Paranoia in this sense refers to a deeper and more irrational fear than the mild type of worry that strikes when you think you left the oven on. It refers to the constant fear that others want to hurt, kill, and destroy you.
Just recently, investigators discovered an online manifesto that they believe was written by Roof. The excerpts detail the author's beliefs that blacks are "stupid and violent" with "the capacity to be very slick," the New York Times reports. It expresses regret over white flight, instead arguing whites should have stuck around the cities to fight.
Paranoid people tend to "collect wounds," as Navarro puts it. They sort through history and mine it for every instance in which a group of people - in Roof's case, whites - has been wronged. Then, they use that as justification for a heinous act.
"What happens is, with paranoid ideation, the only way they see how to fix things is through violence," Navarro says.
With an imminent threat looming and all the evidence at their disposal suggesting the need for massive action, paranoid people assume responsibility for eliminating the perceived threat.

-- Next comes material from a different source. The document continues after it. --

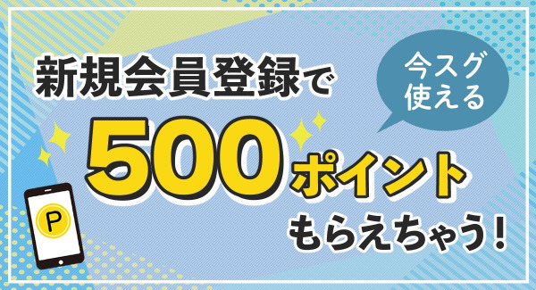 新規で会員登録をいただくと、すぐに使える500ポイントを進呈中。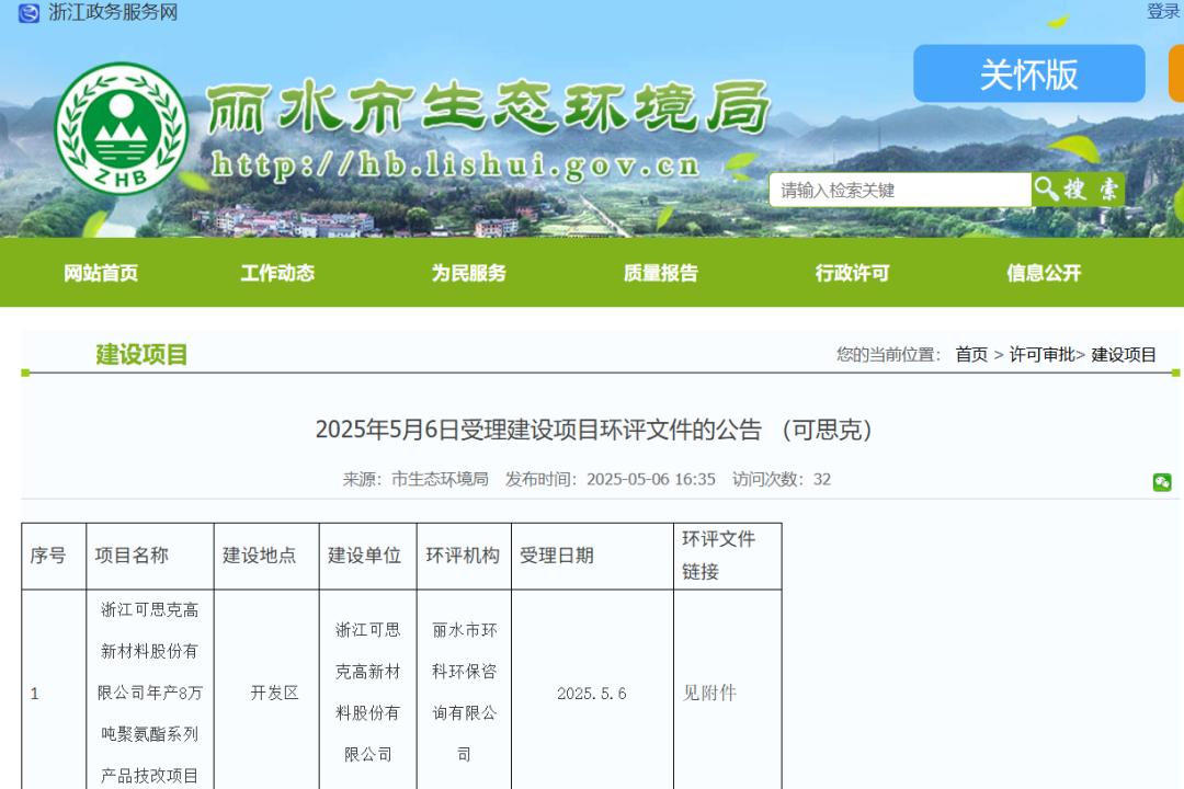 2025年5月6日,丽水市生态环境局发布《浙江可思克高新材料有限公司年产聚氨酯系列产品技术改造项目8万吨》环评受理公告。

Enter trait two: narcissism.
"I'm not talking about the narcissism that would make you label a hotel chain after yourself," Navarro says. "I'm talking about narcissism where even though you lead a rather unfulfilled life you still see yourself as superior and somebody else as inferior."
That could explain why so many mass murders are committed by lone gunmen.
In their eyes, they aren't just killing a group of people; they're standing up for an entire ideology. They see one group of people as a force of evil and themselves not just as a force of good, but the only force of good qualified to get the job done.
After killing nine of the 12 members of the prayer group, Roof turned to an elderly woman named Sylvia Johnson, who later recalled that Roof asked her if she had been shot. She said no.
"And he said, 'Good, because we need a survivor because I'm going to kill myself,'" Johnson told CNN.
According to Navarro, killers want recognition for their brutal crime as if they are performing a heroic deed. Because in their eyes, that's exactly what they're doing.
"When you have this toxic combination of narcissism and paranoia, you can do anything because you're justified," Navarro says. "You fear something, you hate something, and you feel like you're entitled to deal with it by whatever means you want."